What Manchukuo can teach us about today’s advertising
While the explicit sexualisation of opium consumption may seem like a relic of the past, its implications resonate far beyond the history of Manchukuo. It reveals how gendered and sexualised labour has long been used to sustain illicit economies and how vice industries have thrived by commodifying the bodies of women. In Manchukuo’s opium dens, the fusion of narcotics and sexuality was not just a selling tactic – it was a fundamental pillar of the industry itself.
As such, the case of Manchukuo offers a historical perspective on how gender and commerce intersect in ways that reinforce societal inequalities. Just as opium dens used female attendants to market their product, today’s advertising industry continues to use explicitly sexualised and gendered images to advertise their products.
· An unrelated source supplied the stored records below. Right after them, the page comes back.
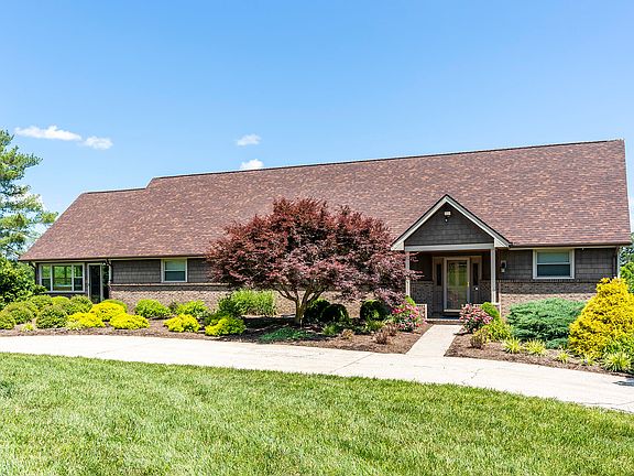Pristine brick ranch in highly desired location within a few minutes drive to interstate, Winchester, or Lexington. This custom built home is on a finished walk-out basement with oversized attached two car garage stetting on large 4.8 acre lot. Extensive landscaping and large deck with stunning views. This property also features an executive level of finish with traditional hardwood flooring throughout. Elegant formal living room, separate formal dining room, three seasons room with hot tub, and open concept floor plan from family room to kitchen. The kitchen has been upgraded with solid surface granite countertops, large island, custom made solid cherry cabinets, under cabinet lighting, and high end luxury stainless appliances including a wine/beverage cooler. Primary bedroom features spacious walk in closet and large ensuite with double bowl vanities, jacuzzi tub, and dual head steam shower. Property has multiple entrances for front and back with ample room for parking, plus an additional detached three car garage with carport. Attic space is floored makes for great space for additional storage and could easily be converted to finished space. Call to schedule private showing!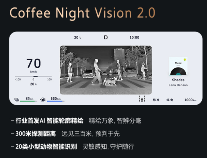 全新坦克 700 还配备了同级独有的 Coffee Night Vision 2.0 远红外夜视系统,最远探测距离 300 米,搭载千万参数级红外图像分割数据库,能够实现像素级物体轮廓勾勒,并对车辆、行人、动物进行差异化分色渲染。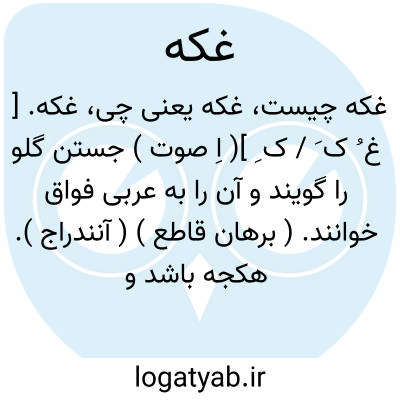 غکه. [ غ ُ ک َ / ک ِ ]( اِ صوت ) جستن گلو را گویند و آن را به عربی فواق خوانند. ( برهان قاطع ) ( آنندراج ). هکجه باشد و به تازی فواق گویند. ( از جهانگیری ). هکهک. ( ناظم الاطباء ).
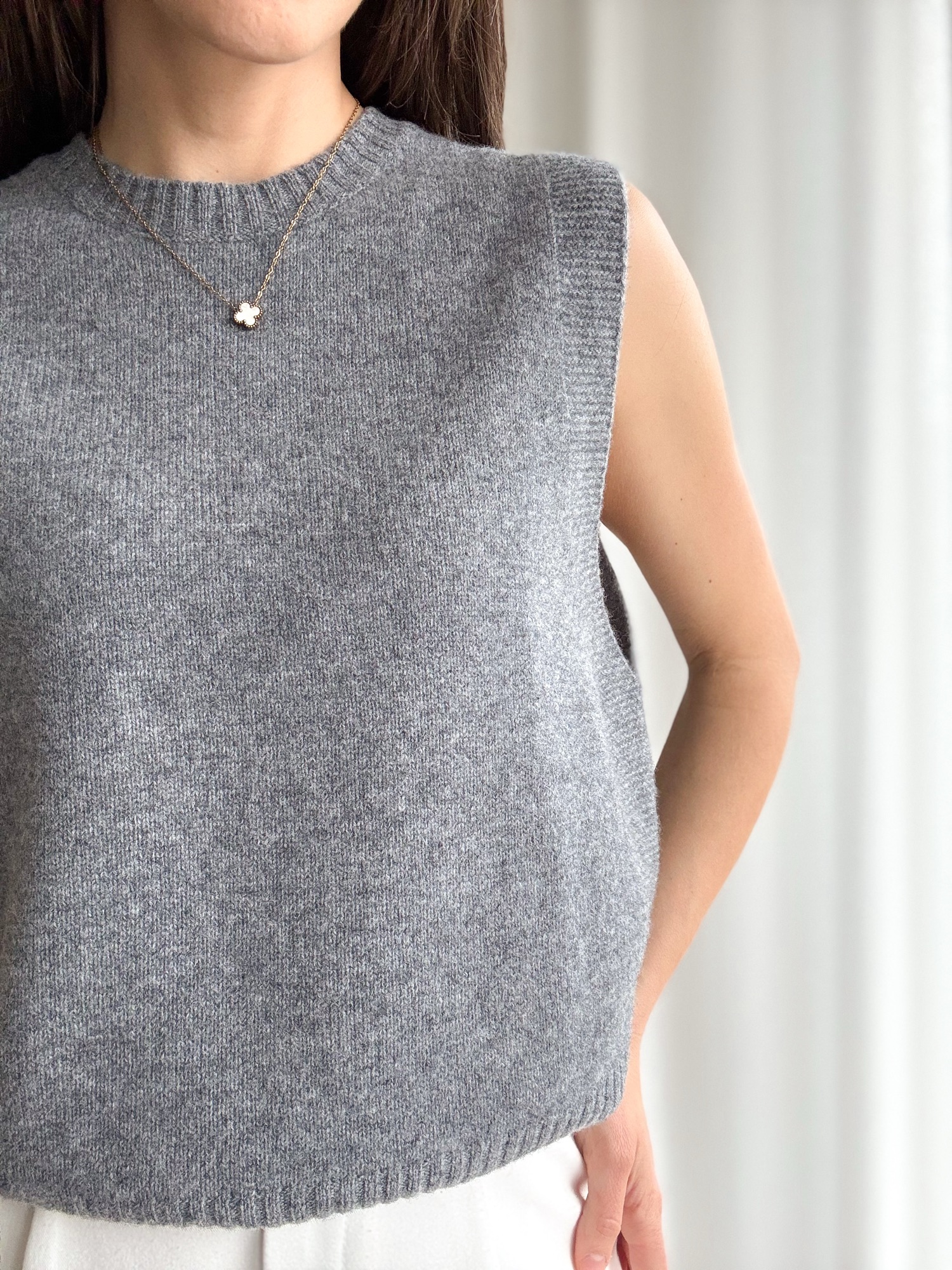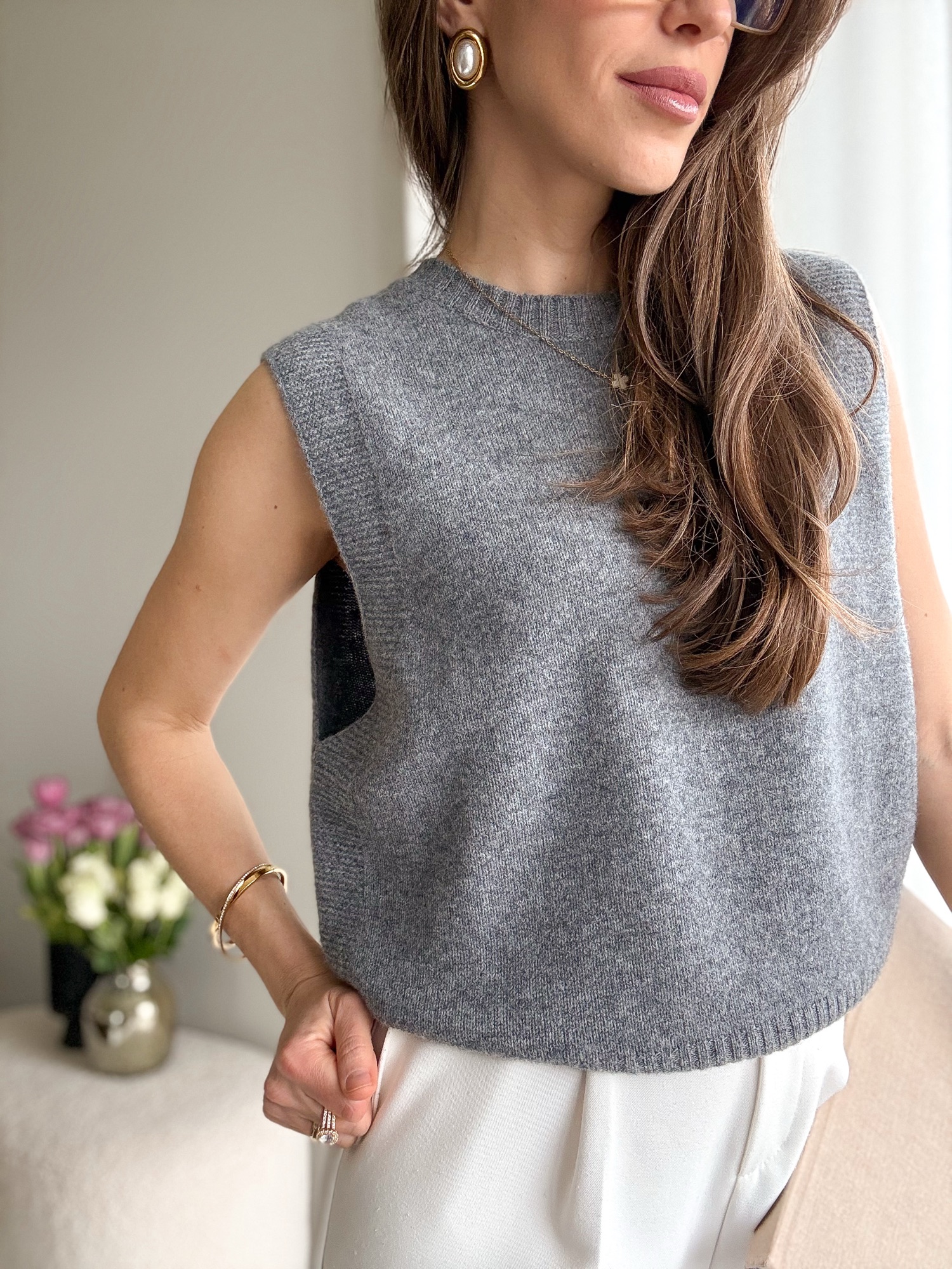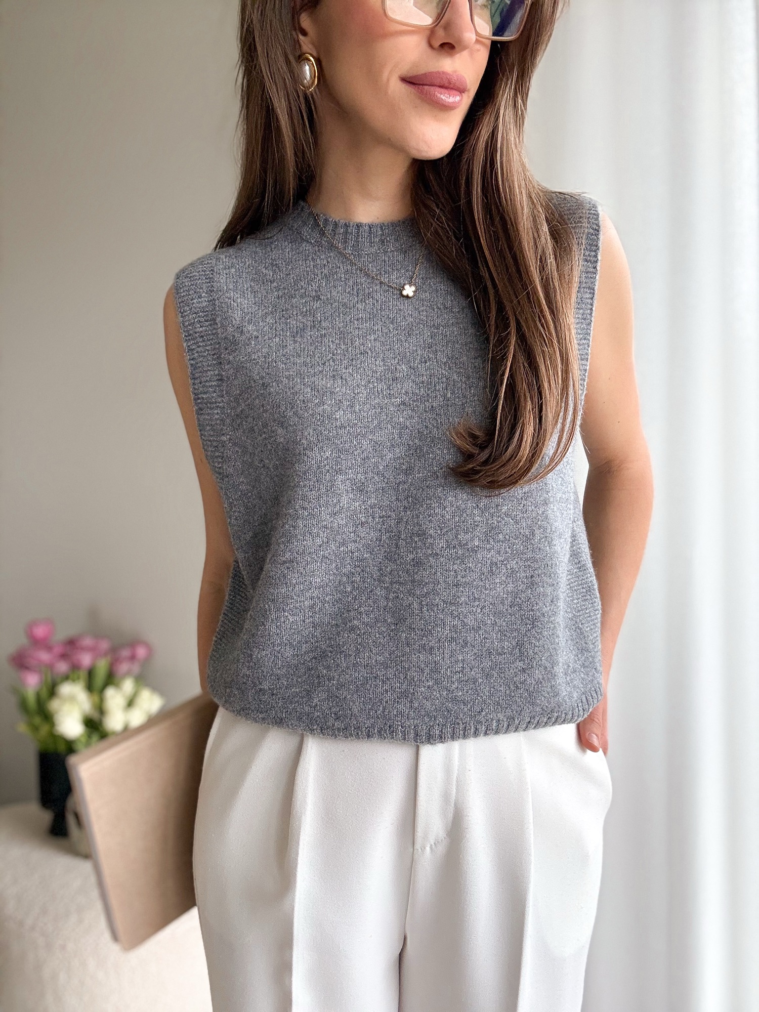 Bezrękawnik wykonany z miękkiej, niegryzącej, wełnianej dzianiny.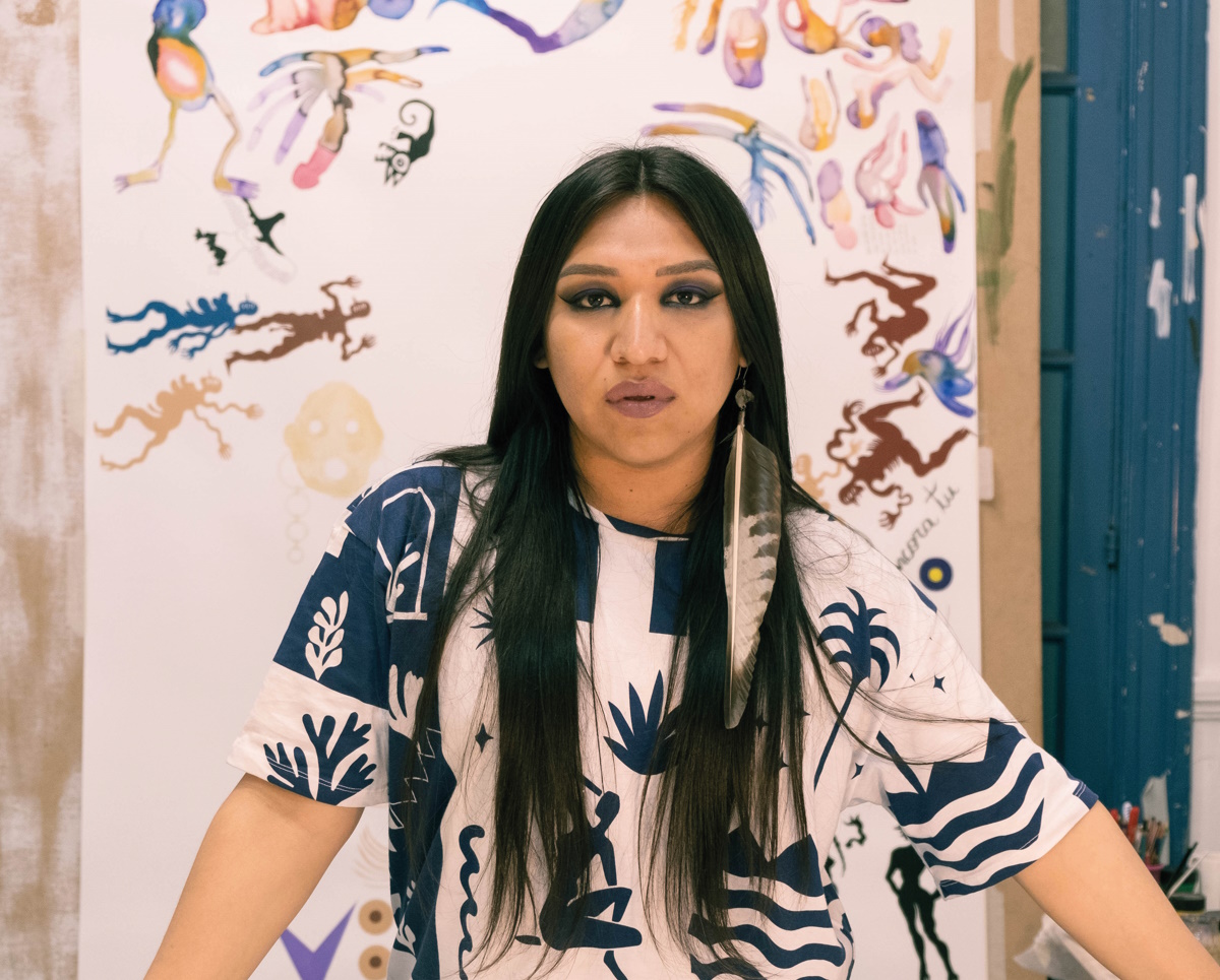 L’esposizione è un omaggio dell’artista alle sue radici indigene e all’identità queer. Prendendo il nome dalla città natale in Argentina, Guaymallén intreccia vita personale, cultura e visione artistica in un racconto ricco di bellezza, ribellione e crudeltà. Nata a Mendoza, ai piedi delle Ande, La Chola Poblete (1989) è infatti un’artista multidisciplinare, performer e attivista LGBTQ+. Nel suo lavoro, riflette sulle conseguenze del colonialismo e della supremazia bianca in Argentina, affrontando i temi della stereotipizzazione e dell’esotizzazione delle popolazioni indigene.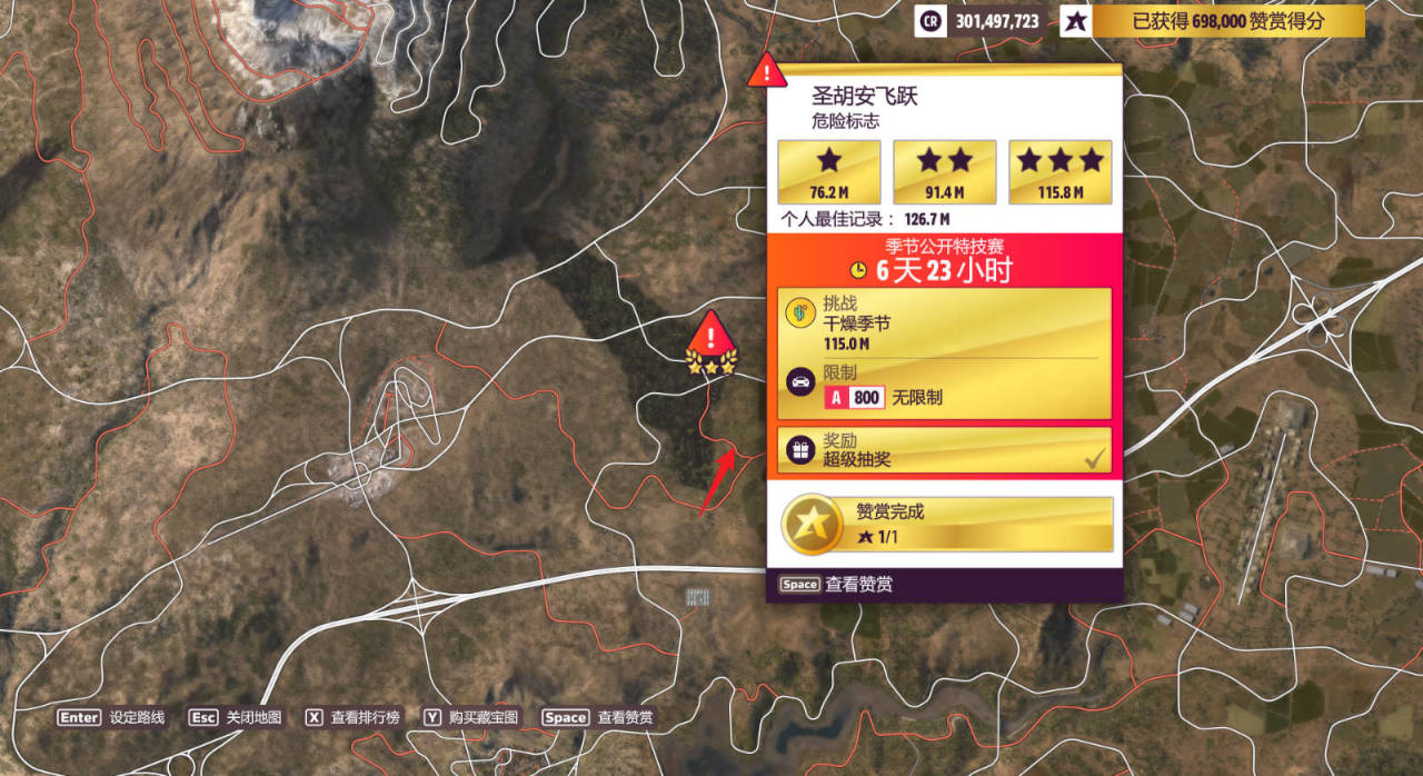 危险标志:圣胡安飞跃,完成奖励为超级抽奖。(建议从箭头所指处出发,很简单)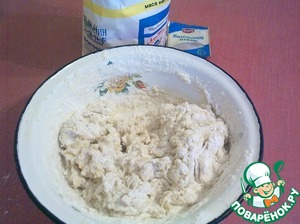 В дрожжевую смесь добавить ванильный сахар, творог и муку.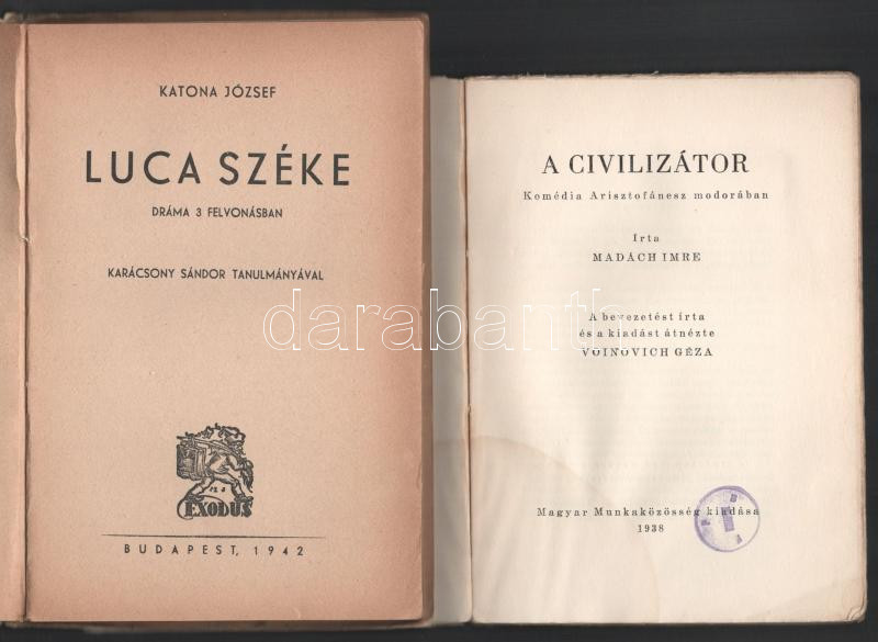 2 db könyv - Katona József: Luca széke. Bp., 1942, Exodus. Kiadói papírkötés, kopottas állapotban. + Madách Imre: A civilizátor. 1938, Magyar Munkaközösség. Kiadói papírkötés, foltos.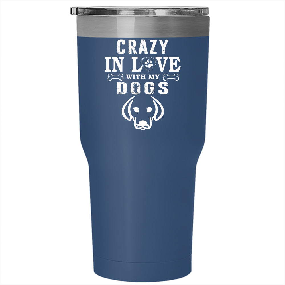 Crazy In Love With My Dogs Tumbler 30 oz Stainless Steel, Gift For Dog Lovers Travel Mug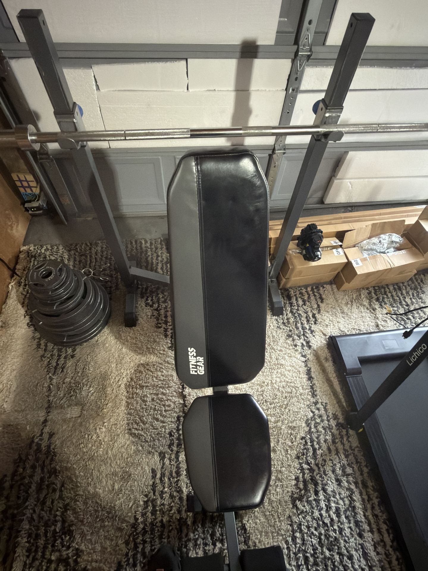 Fitness gear weight bench. The weights and bar sold Separately..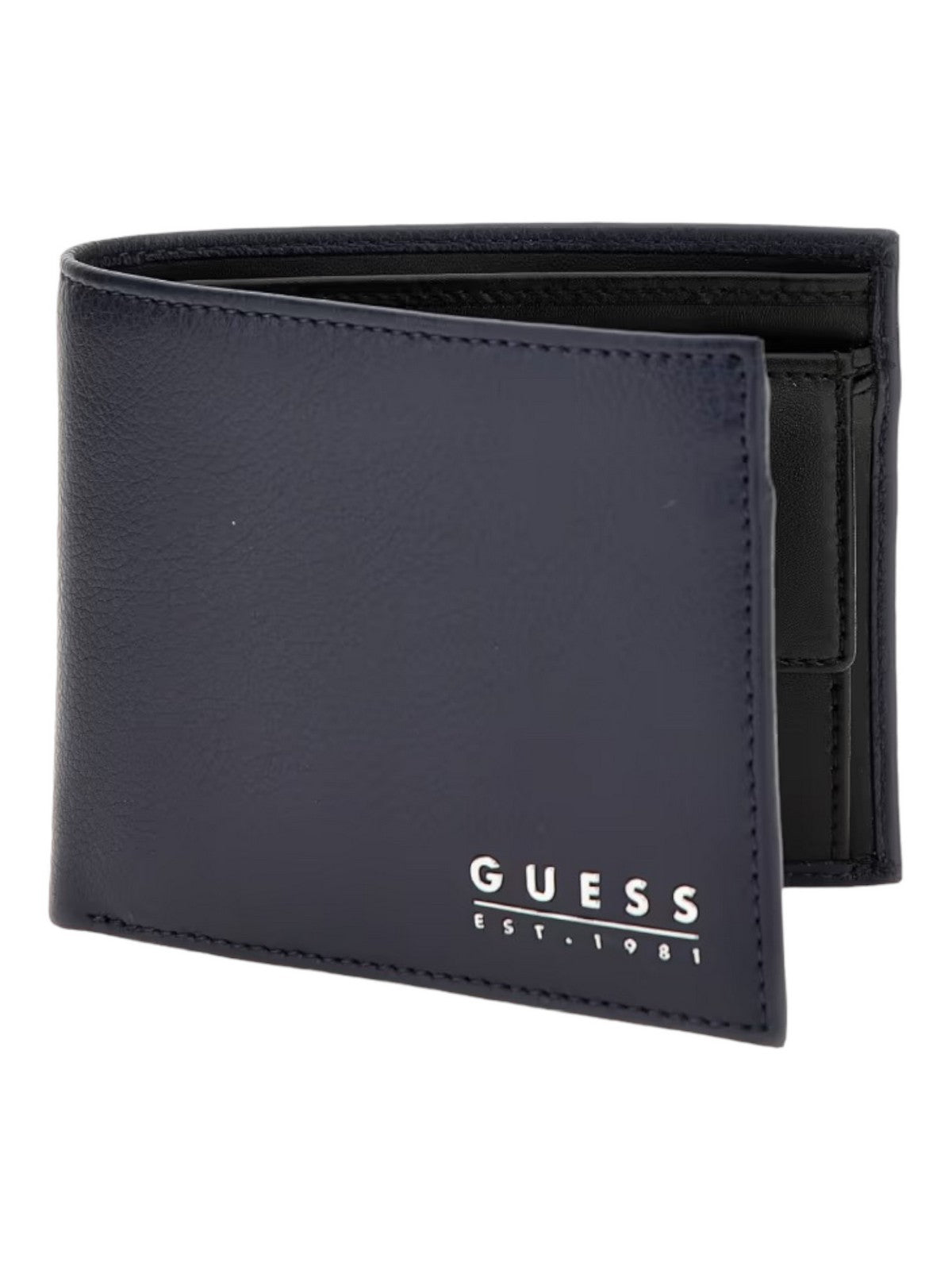 Portafoglio uomo GUESS in pelle. Scritta logo a contrasto. All'interno scomparto per carte business, documenti e banconote. Scomparto per monete con chiusura.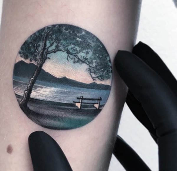 手臂上彩色纹身圆形图案风景纹身图案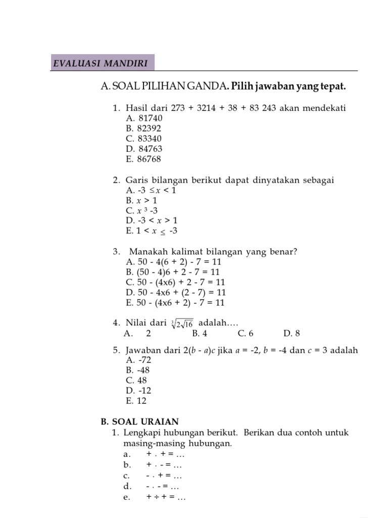 Temat teman pasi sudah belajar sebelumnya di sekolah masing masing tentang sebagian materi ini. Yang bisa digunakan untuk melengkapi administarsi guru yang dapat di unduh secara gratis dengan menekan tombol download. Soal dan kunci jawaban materi bilangan bulat.

Indeed, today’s advertising operates under different cultural and legal frameworks, but the fundamental strategy remains familiar. The sexualised portrayal of women is still used to shape consumer aspirations and to reinforce ideas about desirability. While some industries have made efforts to promote more diverse and equitable representations, the underlying dynamic persists.
Recognising these patterns is crucial for challenging the normalisation of such representations. While today’s media operates under more regulations than in the past, questions remain about the broader impact of these portrayals on societal attitudes toward gender. Are we truly moving beyond the exploitation of women’s bodies in marketing, or are we simply repackaging old strategies in new forms?
Addressing these issues requires not only regulation and policy change but also a broader cultural shift towards more equitable and respectful representations of women in media and commerce. Understanding the historical roots of these practices can help us critically assess their modern forms – and work towards a society where women are valued for more than just their appearance.
Ming Gao is a research scholar of East Asian Studies at the Australian Catholic University. He researches the gendered dynamics of violence, emotions, women’s history, and the Japanese empire.
He has written extensively on contemporary and historical issues related to Japan, South Korea, and China.